Ms Walmsley, the former head of GSK’s consumer healthcare business, has tried to compensate for her lack of pharma expertise by surrounding herself with a team of science “rock stars”, in the words of Joe Walters, fund manager at Royal London Asset Management.
California based Hal Barron, head of R&D, was plucked from Google’s longevity start-up Calico, and had been chief medical officer at Genentech and Roche. Luke Miels, once Mr Soriot’s right-hand man at AstraZeneca, is GSK’s head of pharmaceuticals. His appointment sharpened the focus on pursuing only drugs with clear prospects of financial return after years in which its researchers had drifted off into “hobbyland”, as Ms Walmsley once told the FT.
That team has reassured investors. “Slowly but surely she is turning the group around,” says Mr Walters. Yet the team’s initial moves are now raising questions over GSK’s longer-term focus on the UK.
Dr Barron, who insisted he would remain in San Francisco to run GSK’s global R&D network, has led the deals hailed as crucial to transforming the group’s future pipeline.
As well as Tesaro, GSK has acquired a stake in West Coast-based consumer genetics testing company 23andMe and struck a five-year collaboration with the University of California San Francisco to establish a laboratory for Crispr technologies, which are used to edit genes.
Search for expertise
While the US remains the world’s biggest and most innovative market for drugs, there are concerns that GSK’s head of R&D could be missing opportunities closer to home. “All the insights are from California, when the smartest scientists might be on your doorstep in the UK,” says Dan Mahony, co-head of healthcare investments at asset manager Polar Capital.

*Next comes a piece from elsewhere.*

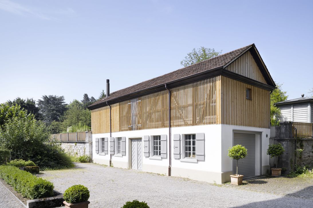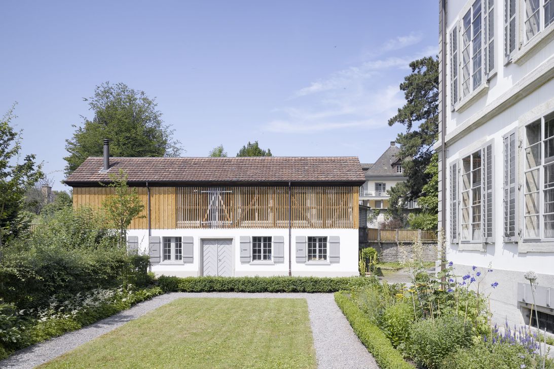 Am Eingangshof, angelehnt an die Stützmauer aus dem 18. Jahrhundert, wurde vor etwa 100 Jahren ein Nebengebäude errichtet. Im gemauerten Erdgeschoss befanden sich Garage und Waschküche, das Obergeschoss in Holz diente zum Wäschetrocknen und als Brennholzspeicher. Dieses so genannte Gartenhaus wurde renoviert und teilweise umgenutzt. Im Obergeschoss wurde eine Zweizimmerwohnung für Gastschriftsteller eingerichtet. Sie öffnet sich nach Südwesten zum oberen Garten. Gegen Osten wurde der durchlässige Lattenverschlag beibehalten und die Fensterfront dahinter angeordnet. So hat sich das Äussere mit der Umnutzung nur unmerklich verändert.

“You can see with the partnerships Hal has entered into the centre of gravity is shifting outwards,” says Mr Bowler.
Investors point to the opportunities offered by the UK’s single-payer NHS that cares for all Britons and which could offer significant advantages when trialling new treatments. The data gathered by a single system could help accelerate development of drugs and the competitiveness of the UK industry, says one investor.

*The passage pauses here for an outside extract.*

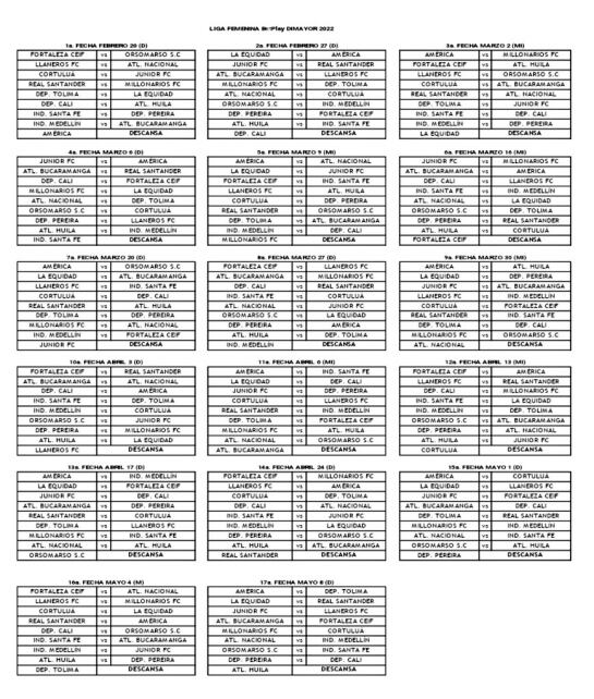 Fixture de la fase regular de la Liga Femenina. / Dimayor

Mr Thomson says concerns about the company’s commitment to the UK are overstated, with £1bn a year invested in R&D in the country and Stevenage one of its two main global research centres. NHS data was “a very precious asset”, he says, but would require significant investment to exploit its full potential.
The NHS is starting to make connections between clinical trials and data and UK research infrastructure such as the biobank of health data, says Mr Thomson. “Making those connect in the UK to work in a viable way that industry can then access appropriately is absolutely the next step. You are seeing elements of that. But there needs to be more. If that happened, then the UK remains very attractive to us.”

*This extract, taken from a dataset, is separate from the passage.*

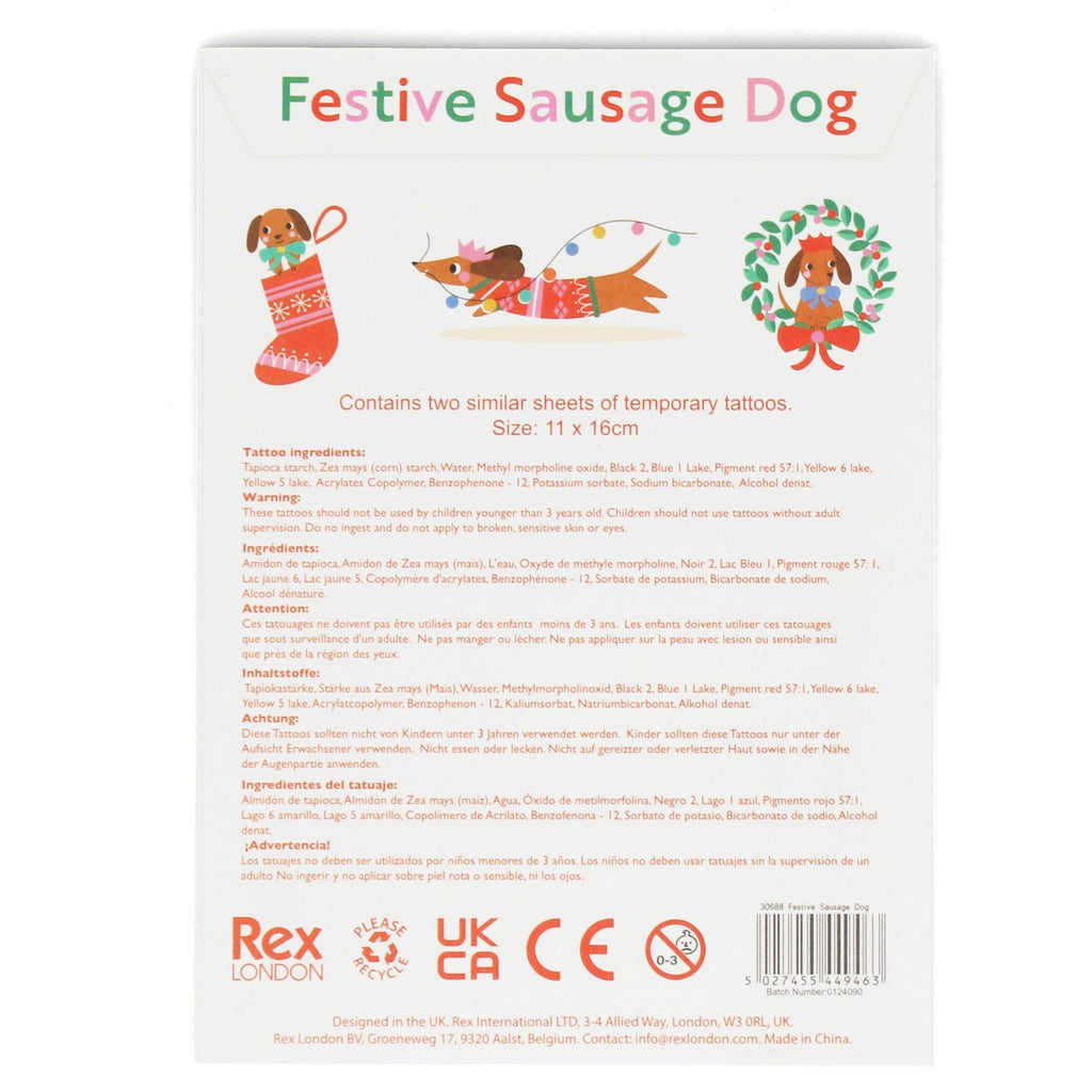 Festive Sausage Dog Temporary Tattoos - Rex London

Ultimately, GSK and AstraZeneca are likely to be agnostic about geography. “They’ll both . . . source [expertise] wherever is best. Of course, part of that is who or what you know already, perhaps why Hal has looked to the US,” says Mr Barker of Shore Capital.
The more immediate challenge is the heightened risk of political interference as public health and drug discovery become questions of national security. Both companies have committed substantial resources to fighting coronavirus. Investors understand that there will be little or no financial return in the near future from these efforts. But they may help to restore the reputation — and bargaining power — of an industry that has been vilified over the pricing of critical medicines that may have been developed with the support of taxpayer-funded research.
“Big Pharma has been under unremitting pressure for the last four years,” says Mr Major. “It is an opportunity for the industry to demonstrate its worth and value to society.”